Dilley, Texas – Yesterday, Immigration and Customs Enforcement (ICE) announced that the South Texas Family Detention Center in Dilley, Texas, commonly referred to as “Dilley,” will close. Advocates who have long called out the rampant abuse at Dilley are frustrated that the motive to close Dilley is to expand detention elsewhere. The administration plans to increase immigration detention by an estimated 1,600 detention beds. Let us be clear: Whenever people are in ICE custody, lives are in jeopardy.
This announcement comes in coordination with a broader anti-immigrant strategy and affirms how Biden continues to execute a right-wing agenda, not just in rhetoric, but also in policy – including his executive order that will temporarily shut down the Southern border to people seeking asylum, the Department of Justice’s plan to increase immigration-related prosecutions at the border, ICE’s desire to massively increase immigration detention both at the border and throughout the country with a “Multi-State Detention Facility Support” Request for Information, and Biden’s plans to ramp up deportations. ICE is yet again appealing to Congress for more funds on top of its already astronomical budget of $8.4 billion to detain and deport even more people, tearing apart families and communities.
Immigrant justice advocates issued the following comments:
Allison Herre, Team Manager for the Asylum Defense Project (formerly CARA/Proyecto Dilley), said: “While closing the detention center in Dilley is welcome news, it cannot undo the emotional and physical scars that mark the tens of thousands of asylum-seeking women, children, and men who have been held there over the last decade. Nor does the announcement promise a disruption of the wholesale detention of our asylum-seeking clients. Whether it is women and their children or single adults, immigrant detention is inhumane and strips asylum seekers of dignity. It is a shameful practice that is incompatible with a humanitarian asylum system.”
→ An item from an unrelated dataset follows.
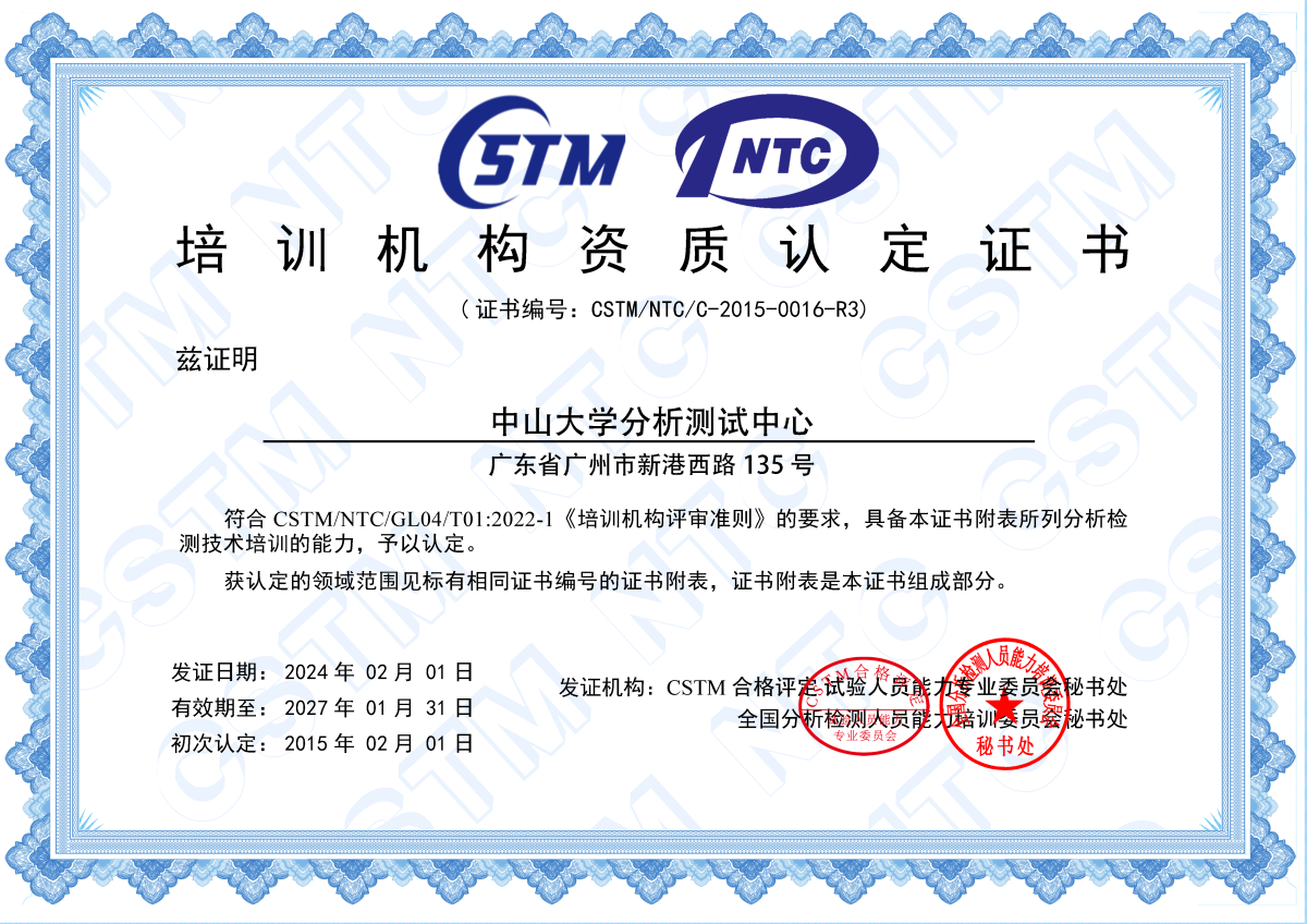分析测试中心于2014年11月20日通过NTC评审组的考核,首次获得全国分析检测人员(NTC)能力培训和考核基地资质,其中12项培训/考核项目、20名技术人员获得相关的教师培训/考核资质,成为NTC秘书处的培训/考核基地之一。2019年通过NTC的严格考核,又有1项分析技术纳入培训/考核项目,3位老师获批或获得NTC培训/考核教师资质。按照NTC秘书处的要求,NTC培训/考核基地需进行三年一次的资质复审。2018年和2021年,中心两次通过了NTC秘书处组织的培训/考核基地资质复审,目前共有13项测试技术和28位老师具有相关测试技术的培训/考核资质。这对保障国家科研、经济、国防建设中分析检测数据的准确性、可靠性和有效性具有重要意义,同时也将为学校培养更加专业的实验技术人才,为我校高水平大学建设做出贡献。

Becca Asaki, Director of Organizing at Tsuru for Solidarity, said: “As Japanese Americans whose families were incarcerated in concentration camps during WWII, we were among those who spoke out against the use of sites like Dilley to incarcerate families and lamented the re-appropriation of the site to incarcerate adults knowing the intergenerational impact of detention on communities and families. It is abhorrent that the Biden Administration is now announcing the closure of Dilley as a means to expand detention elsewhere. Like the concentration camps that held our families, detention sites like Dilley must be shut down permanently, all those incarcerated released, and the billions of dollars currently used to torture and incarcerate people reallocated into healthcare, education, housing and other supports for communities.”
Setareh Ghandehari, Advocacy Director of Detention Watch Network, said: “ICE’s announcement to close Dilley as a means to increase detention capacity elsewhere is shameful. The continued focus on punishing people who migrate for the simple act of moving for a new, better, or safer life is not only cruel, it is ineffective and fuels our country’s reliance on mass incarceration. Dilley must close outright with the release of everyone currently detained and without detention expansion t elsewhere. Instead of spending billions of dollars on detaining immigrants and failed deterrence strategies at the border, the government should simplify the immigration process by allowing people to be with their loved ones and work upon arrival. Our tax dollars should be invested in healthcare programs, affordable housing at all levels, and education to support communities nationwide.”
About Dilley:
Dilley was one of four family detention centers opened by President Obama when his administration dramatically expanded family detention in 2014. The Trump administration continued to use Dilley to further expand the use of family detention and family separation. In a step welcomed by advocates, the Biden administration stopped detaining families in December 2021. However, ICE did not terminate its long-standing contract with the facility. Instead, the South Texas Family Residential Center began detaining single adults. When at capacity, the South Texas Family Residential Center was the largest detention center in the United States.
While in operation for family detention, there were reports of foul water and negligent medical treatment, with hospitals confirming that children are consistently released with health issues they dubbed “Dilley-ish.” In 2018, a 19-month old girl, Mariee, tragically died after leaving the facility and in 2019, a guard was accused of physically assaulting a 5-year-old.
###
Detention Watch Network (DWN) is a national coalition building power through collective advocacy, grassroots organizing, and strategic communications to abolish immigration detention in the United States.